Uninitialized variable wtf



  • While making an application I forgot to initialize an integer. Printing it out it gave me:

     

    Number of different ISO_639_language_codes found in RMF(freq: baadf00d)

     it enlightened my day :D



  • Uninitialized memory on IBM RS6000s used to be set to 0xdeadbeef.
    Still true???



  • @Rick said:

    Uninitialized memory on IBM RS6000s used to be set to 0xdeadbeef.
    Still true???
     

    Don't know about that, but we use it.  You'll occasionally hear things around here like, "Whoops, got a deadbeef error..."

    Mind you, my favorite along those lines is 0xDECAFBAD.

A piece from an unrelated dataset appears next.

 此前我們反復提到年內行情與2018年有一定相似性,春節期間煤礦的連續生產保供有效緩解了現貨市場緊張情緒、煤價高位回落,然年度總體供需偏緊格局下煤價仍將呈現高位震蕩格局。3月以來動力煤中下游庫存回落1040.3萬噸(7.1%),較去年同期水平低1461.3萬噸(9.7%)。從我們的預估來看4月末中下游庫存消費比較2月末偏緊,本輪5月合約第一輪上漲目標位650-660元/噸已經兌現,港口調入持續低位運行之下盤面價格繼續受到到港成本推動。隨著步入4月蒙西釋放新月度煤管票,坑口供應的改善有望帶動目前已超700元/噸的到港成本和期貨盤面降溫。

  • ircu sets pointers to 0xDEADBEEF when we free memory the memory they were pointing at.

     



  • Funny values for uninitialized pointers make it obvious they were uninitailized when errors happen, but then, don't NULL's do that too?  You can actually check for NULL's, and 0xDEADBEEF may actually be a valid address in some situations.



  • @Corona688 said:

    Funny values for uninitialized pointers make it obvious they were uninitailized when errors happen, but then, don't NULL's do that too?  You can actually check for NULL's, and 0xDEADBEEF may actually be a valid address in some situations.
     

    True, but if you're not committed to nulling the memory in release mode, it's hard to distinguish properly initialized values from erroneously uninitialized ones.  This might be a problem if you use something like STL::vector, setting capacity and then using another mechanism to initialize or recycle values. 



  • @Corona688 said:

    Funny values for uninitialized pointers make it obvious they were uninitailized when errors happen, but then, don't NULL's do that too?  You can actually check for NULL's, and 0xDEADBEEF may actually be a valid address in some situations.

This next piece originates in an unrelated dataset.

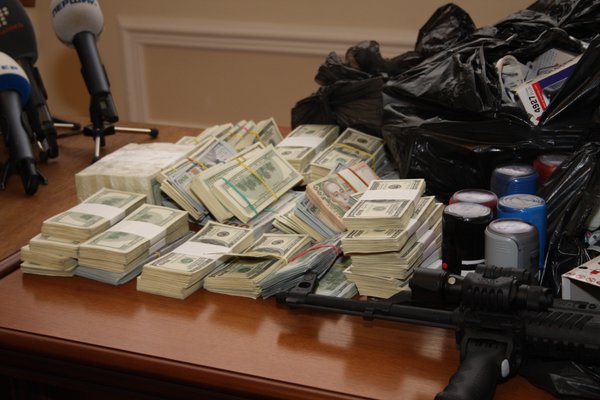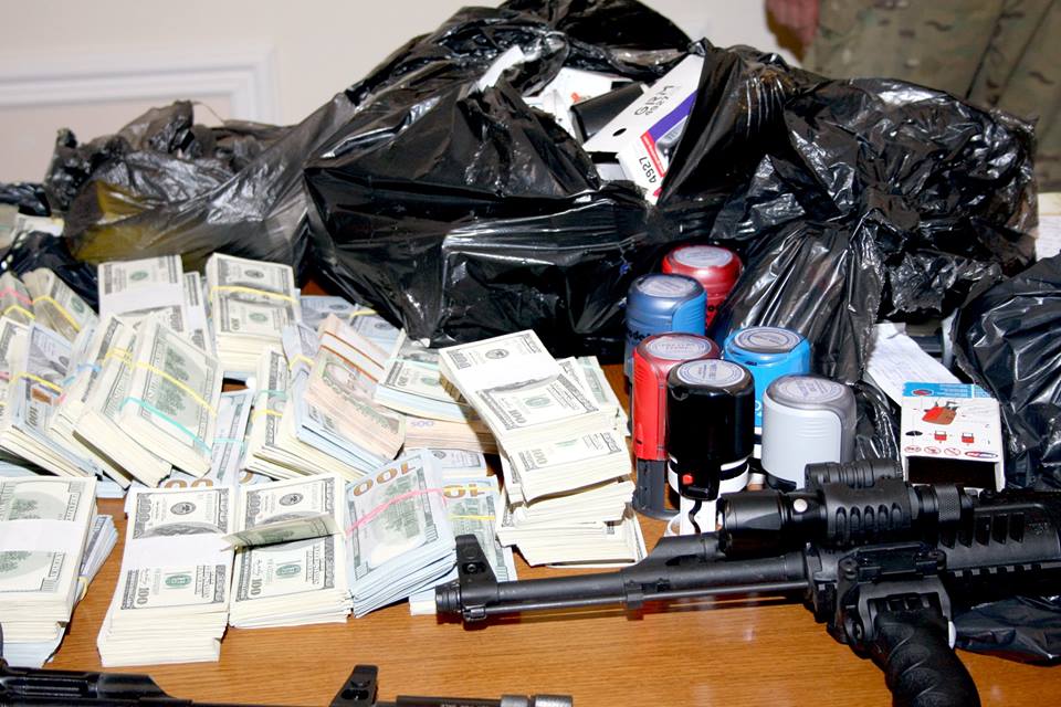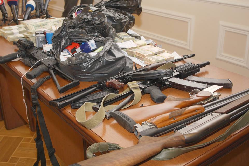 Прокурор продемонстрировал оружие, деньги (в гривнах и в иностранной валюте), а также более 200 печатей разных фирм.

    One argument I've heard for non-NULL values is that using an odd address will often cause a processor exception as soon as it's dereferenced, allowing you to see the error closer to where it was actually caused in many cases. It's probably less of an issues these days where we have protected memory and the entire first kilobyte of memory can be set to unreadable and unwritable, but that wasn't always the case. Old habits die hard.



  • I've always been a fan of 0xD06FECE5 myself.



  • @dcardani said:

    One argument I've heard for non-NULL values is that using an odd address will
    often cause a processor exception as soon as it's dereferenced

    IIRC, not on x86.



  • @dcardani said:

    @Corona688 said:

    Funny values for uninitialized pointers make it obvious they were uninitailized when errors happen, but then, don't NULL's do that too?  You can actually check for NULL's, and 0xDEADBEEF may actually be a valid address in some situations.

    One argument I've heard for non-NULL values is that using an odd address will often cause a processor exception as soon as it's dereferenced, allowing you to see the error closer to where it was actually caused in many cases.

    x86 allows non-aligned access to any memory address. On the other hand, in protected mode, write access to memory address 0 by a user-mode program is always an exception, and read access may be an exception.